Task: Go to the line with "end of turn." in the material below and copy from there through the line with "Além de ser", exactly. Pictures are not copied.

Records for this task:
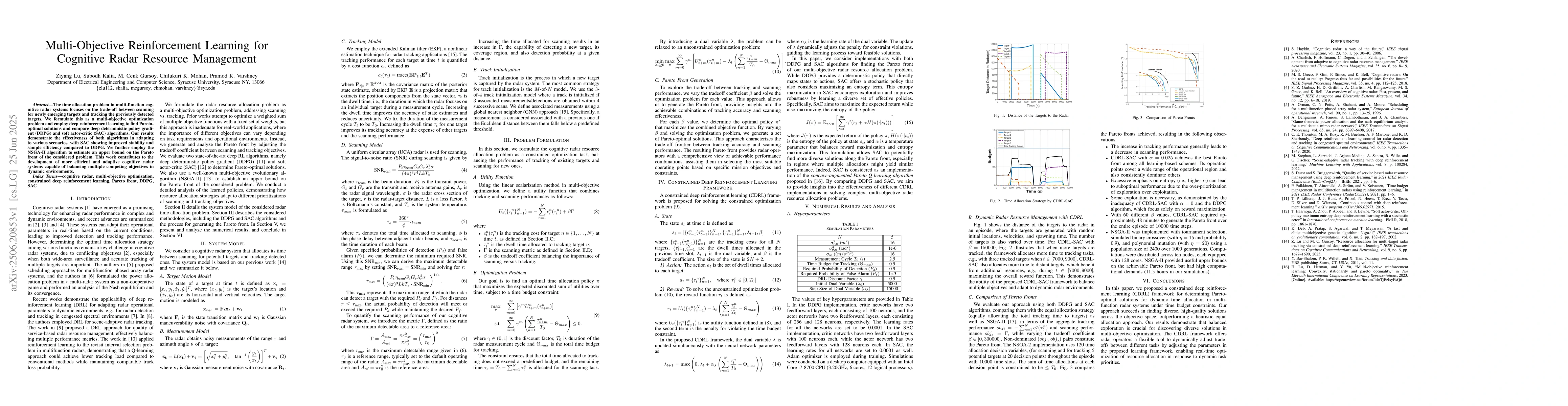 The time allocation problem in multi-function cognitive radar systems focuses on the trade-off between scanning for newly emerging targets and tracking the previously detected targets. We formulate this as a multi-objective optimization problem and employ deep reinforcement learning to find Pareto-optimal solutions and compare deep deterministic policy gradient (DDPG) and soft actor-critic (SAC) algorithms. Our results demonstrate the effectiveness of both algorithms in adapting to various scenarios, with SAC showing improved stability and sample efficiency compared to DDPG. We further employ the NSGA-II algorithm to estimate an upper bound on the Pareto front of the considered problem. This work contributes to the development of more efficient and adaptive cognitive radar systems capable of balancing multiple competing objectives in dynamic environments.
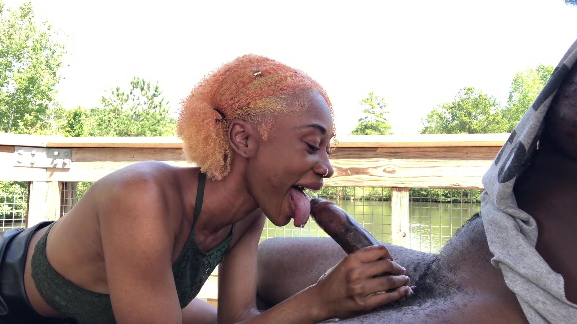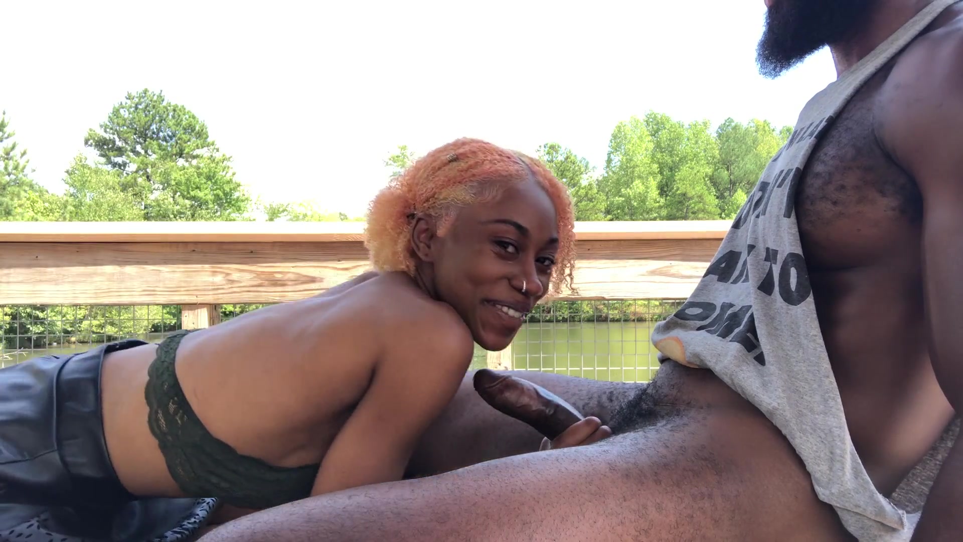 Красивая шоколадка делает минет своему темнокожему парню на свежем воздухе. Большой черный член уже полностью встал и готов к труду и обороне. Мужик наслаждается природой и расслабляется на уютном кресле, а в это время кудряшка начинает насаживаться на большой член. После нескольких фрикций веселая красотка опять поворачивается к партнеру лицом и начинает сосать. Домашнее любительское порно видео черной парочки на природе смотрим на Хуямба в режиме онлайн в HD качестве 1080p!
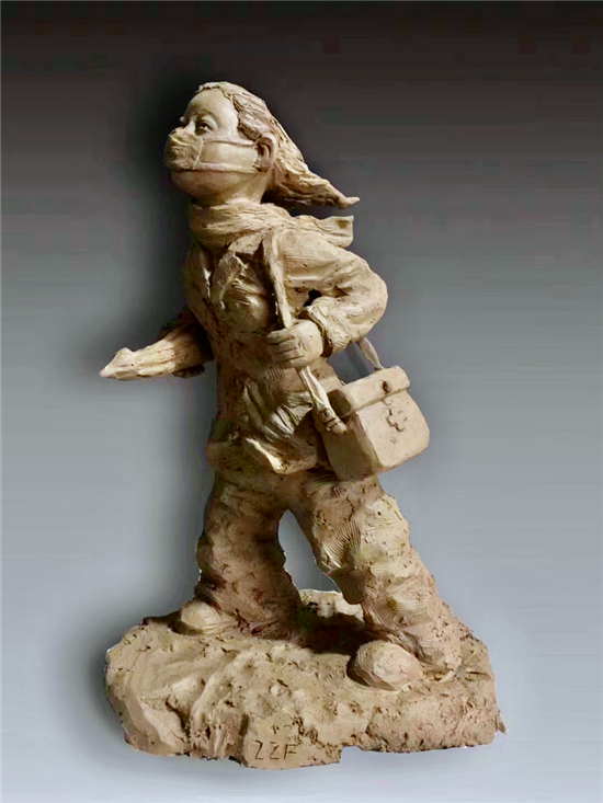 張振福創(chuàng)作的泥塑作品《白衣天使》入選云上展,并在社會(huì)上引起強(qiáng)烈反響?!栋滓绿焓埂繁憩F(xiàn)的是面對生死考驗(yàn),“最美醫(yī)護(hù)工作者”在萬家團(tuán)圓的時(shí)候,毅然決然馳援武漢的大愛風(fēng)采。張振福以大匠之法,用黃河泥刻畫出了與時(shí)間賽跑、與病毒決戰(zhàn)的白衣戰(zhàn)士,用泥塑表達(dá)對抗疫英雄的敬仰,展示了廣大醫(yī)護(hù)人員的醫(yī)者仁心、無私奉獻(xiàn)和中華兒女眾志成城、不畏艱險(xiǎn)的勵(lì)志精神。
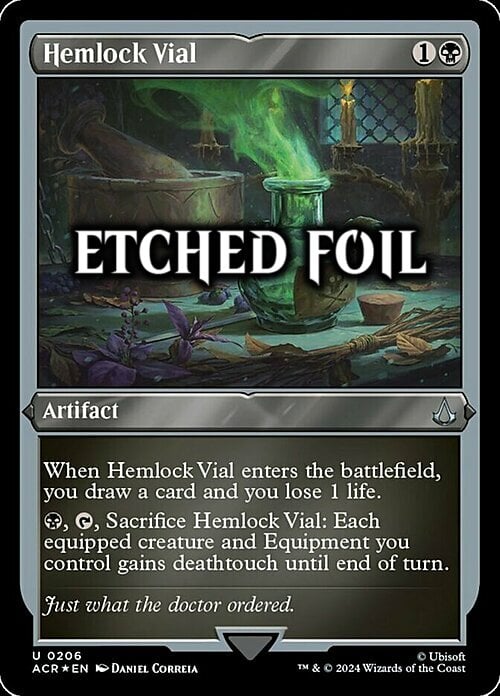 {B}, {T}, Sacrifice this artifact: Each equipped creature and Equipment you control gains deathtouch until end of turn.
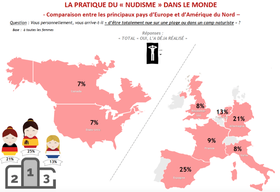 Elle dépasse ainsi largement les Pays-Bas, où en dépit d'une loi très libérale dans ce domaine (Il faut savoir qu’une loi entrée en vigueur en 1986 autorise la nudité partout, sauf sur la voie publique ou lorsqu'elle constitue une gêne pour les autres) les femmes sont beaucoup moins nombreuses qu'en Allemagne à s'être déjà dévêtues intégralement (13%). Dans les autres pays européens investigués, l'expérience de la nudité intégrale est un peu plus faible qu’en France (8% au Royaume-Uni et en Italie) mais plus forte qu’en Amérique du Nord (7% aux USA et Canada) où, de par le puritanisme ambiant, la nudité reste culturellement associée au sexe.
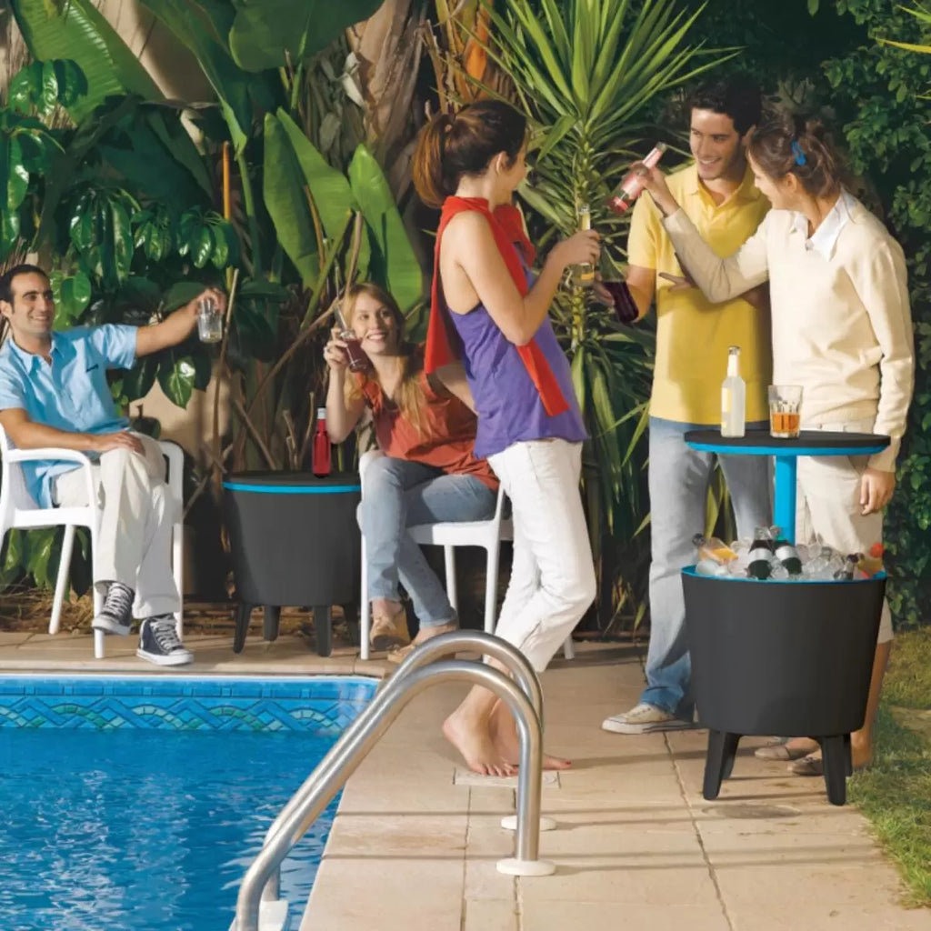 Além de ser um cooler de 30 litros, o Cool Bar pode ser usado como uma mesa de apoio para os petiscos e copos. Com design moderno, versátil e encantador, é ideal para ser usada em churrascos, happy hours, e confraternizações com amigos e familiares. Este modelo tem parte interna na cor preta.
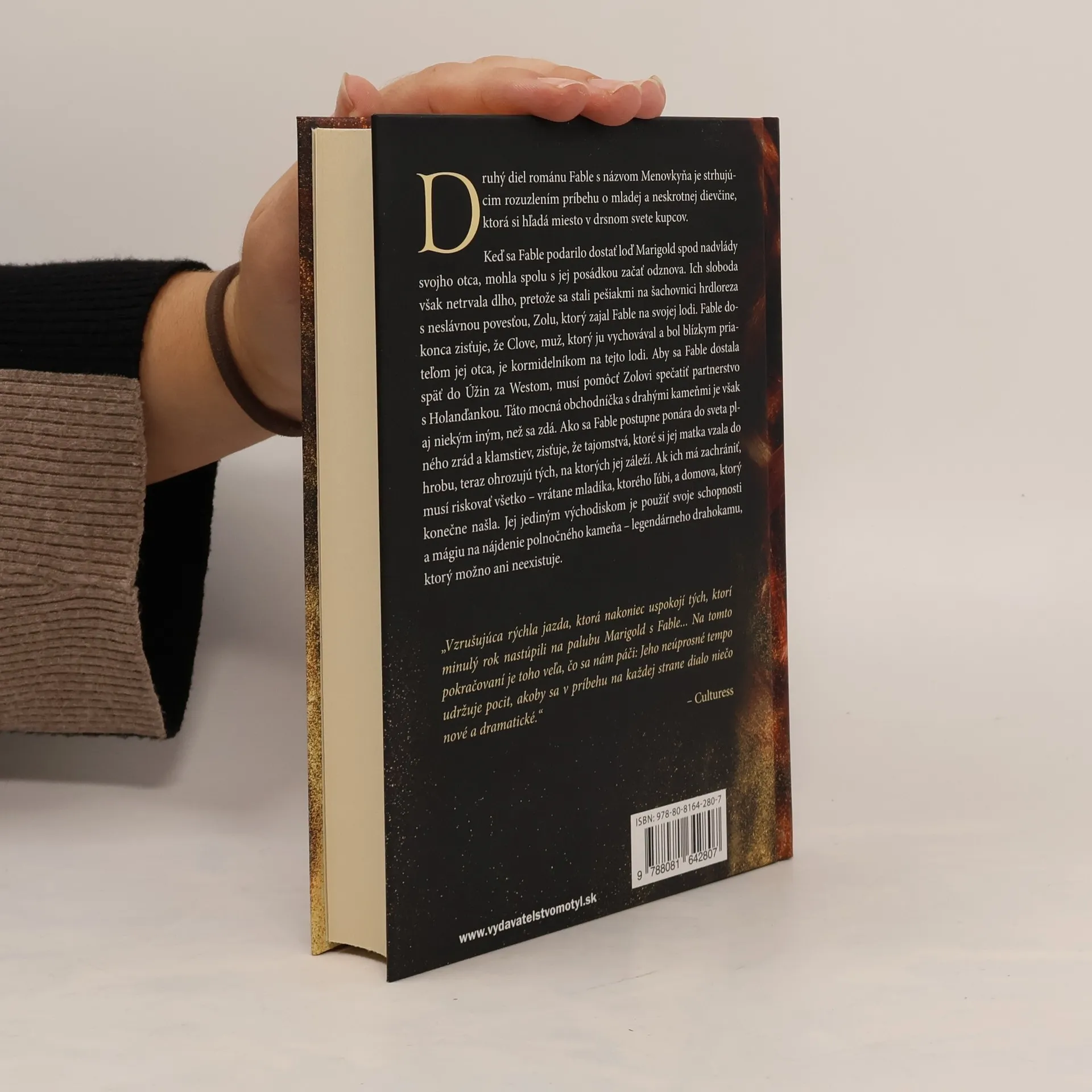 Druhý diel románovej duológie Fable s názvom Menovkyňa je strhujúcim rozuzlením príbehu o mladej a neskrotnej dievčine, ktorá si hľadá miesto v drsnom svete kupcov. Keď sa Fable podarilo dostať loď Marigold spod nadvlády svojho otca, mohla spolu s jej posádkou začať odznova. Ich sloboda však netrvala dlho, pretože sa stali pešiakmi na šachovnici hrdloreza s neslávnou povesťou, Zolu, ktorý zajal Fable na svojej lodi. Fable dokonca zisťuje, že Clove, muž, ktorý ju vychovával a bol blízkym priate ľom jej otca, je kormidelníkom na tejto lodi. Aby sa Fable dostala späť do Úžin za Westom, musí pomôcť Zolovi spečatiť partnerstvo s Holanďankou. Táto mocná obchodníčka s drahými kameňmi je však aj niekým iným, než sa zdá. Ako sa Fable postupne ponára do sveta plného zrád a klamstiev, zisťuje, že tajomstvá, ktoré si jej matka vzala do hrobu, teraz ohrozujú tých, na ktorých jej záleží. Ak ich má zachrániť, musí riskovať všetko- vrátane mladíka, ktorého ľúbi, a domova, ktorý konečne našla. Jej jediným východiskom je použiť svoje schopnosti a mágiu na nájdenie polnočného kameňa– legendárneho drahokamu, ktorý možno ani neexistuje.
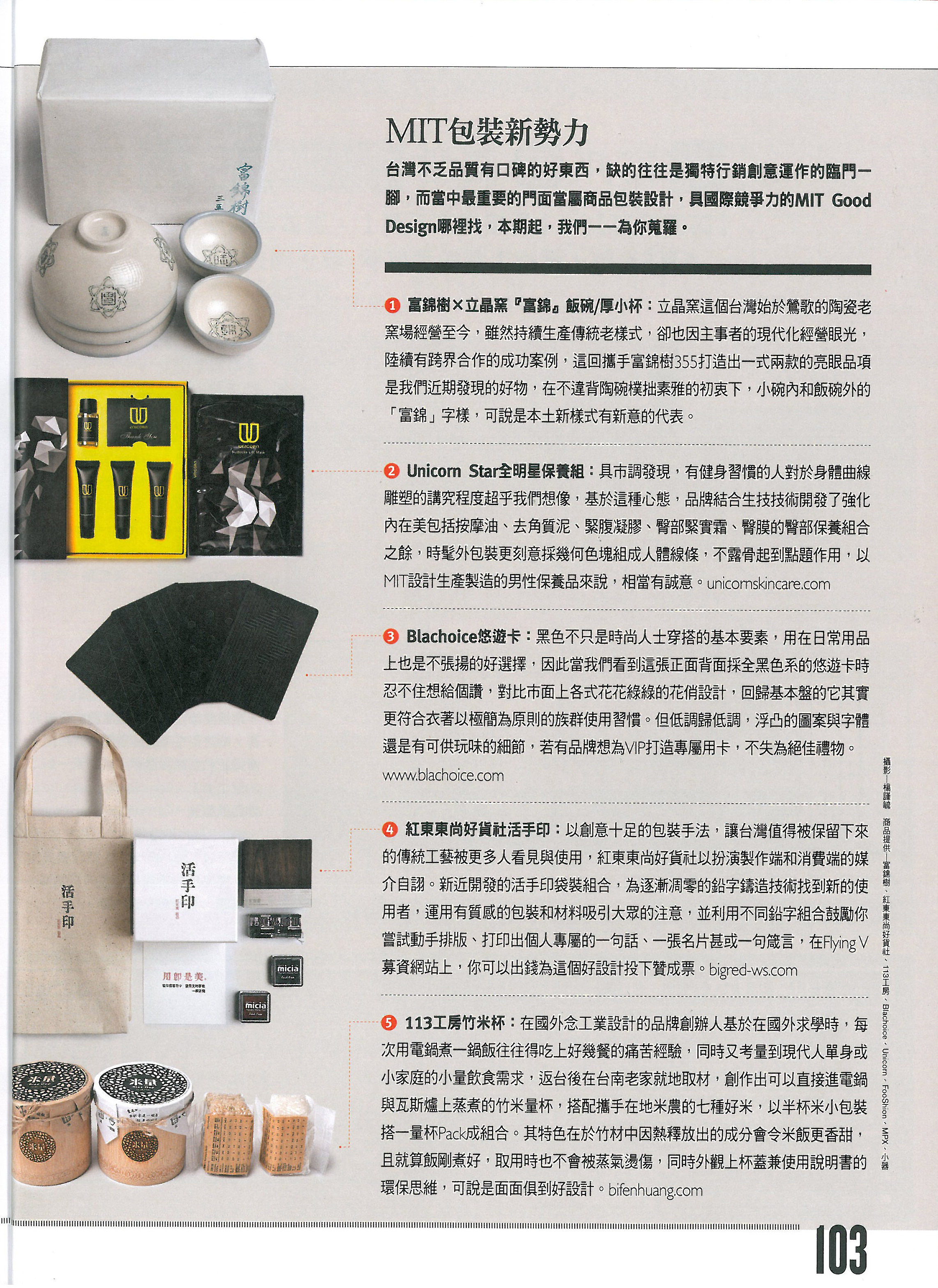 「米量-竹米杯」登上 GQ BUSINESS 雜誌 113工房登上了『GQ BUSINESS 第8期 page 103』 在國外念工業設計的品牌創辦人基於在國外求學時,每次用電鍋煮一鍋飯往往得吃上好幾餐的痛苦經驗,同時又考量到現代人單身或小家庭的小量飲食需求,返臺後就地取材,創作出可以直接進電鍋與瓦斯爐上蒸煮的竹米量杯,搭配攜手在地米農的七種好米,以半杯米小包裝搭一量杯Pack成組合。其特色在於竹材中因熱釋放出的成分會令米飯更香甜,且就算飯剛煮好,取用時也不會被蒸氣燙傷,同時外觀上杯蓋兼使用說明書的環保思維,可說是面面俱到好設計。 ◆GQ BUSINESS 分享此文: 按一下即可分享至 X(在新視窗中開啟) X 按一下以分享至 Facebook(在新視窗中開啟) Facebook 分享到 Pinterest(在新視窗中開啟) Pinterest 更多 按一下即可以電子郵件傳送連結給朋友(在新視窗中開啟) 電子郵件 分享到 LinkedIn(在新視窗中開啟) LinkedIn 分享到 Tumblr(在新視窗中開啟) Tumblr 分享到 Pocket(在新視窗中開啟) Pocket 分享到 WhatsApp(在新視窗中開啟) WhatsApp 按一下以分享到 Telegram(在新視窗中開啟) Telegram 喜歡 正在載入... 2015-09-092017-07-22 by 113工房 | 113kobo Categories: 媒體報導 Press 發表留言
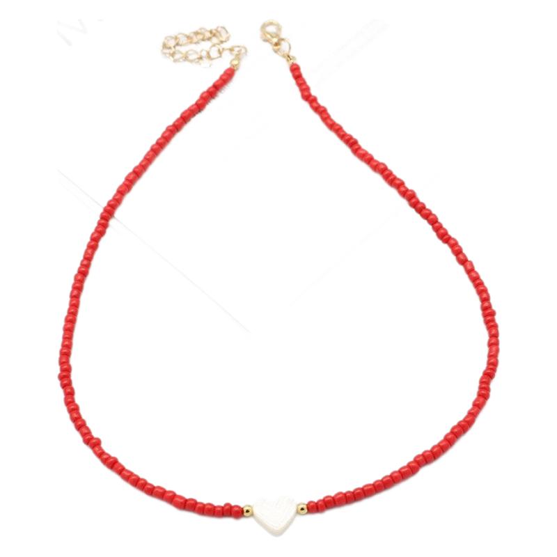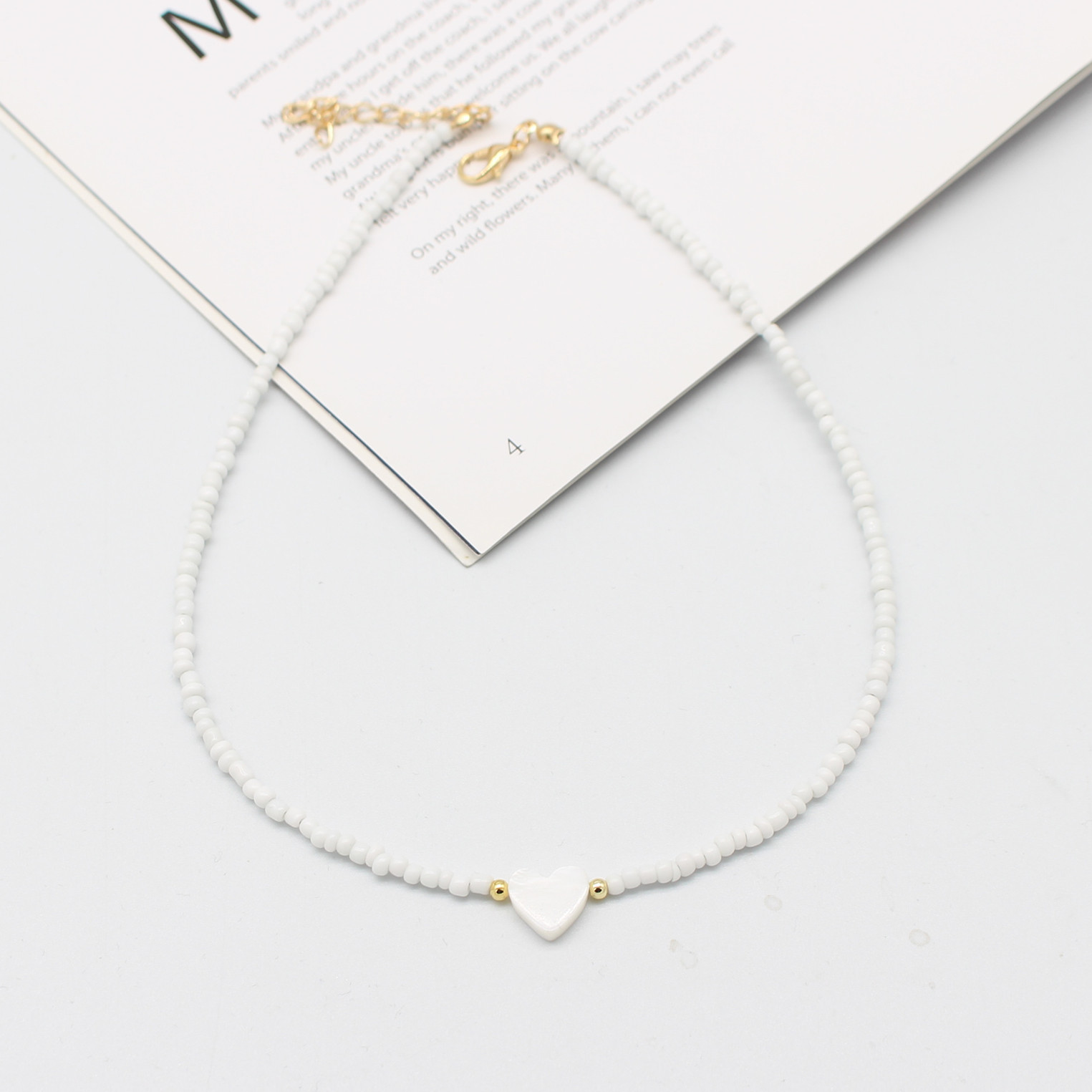 Bohemian-style hand-woven shell love rice beads beaded necklace simple clavicle chain cross-border supply

Exercise answer:
 {B}, {T}, Sacrifice this artifact: Each equipped creature and Equipment you control gains deathtouch until end of turn.
 Elle dépasse ainsi largement les Pays-Bas, où en dépit d'une loi très libérale dans ce domaine (Il faut savoir qu’une loi entrée en vigueur en 1986 autorise la nudité partout, sauf sur la voie publique ou lorsqu'elle constitue une gêne pour les autres) les femmes sont beaucoup moins nombreuses qu'en Allemagne à s'être déjà dévêtues intégralement (13%). Dans les autres pays européens investigués, l'expérience de la nudité intégrale est un peu plus faible qu’en France (8% au Royaume-Uni et en Italie) mais plus forte qu’en Amérique du Nord (7% aux USA et Canada) où, de par le puritanisme ambiant, la nudité reste culturellement associée au sexe.
 Além de ser um cooler de 30 litros, o Cool Bar pode ser usado como uma mesa de apoio para os petiscos e copos. Com design moderno, versátil e encantador, é ideal para ser usada em churrascos, happy hours, e confraternizações com amigos e familiares. Este modelo tem parte interna na cor preta.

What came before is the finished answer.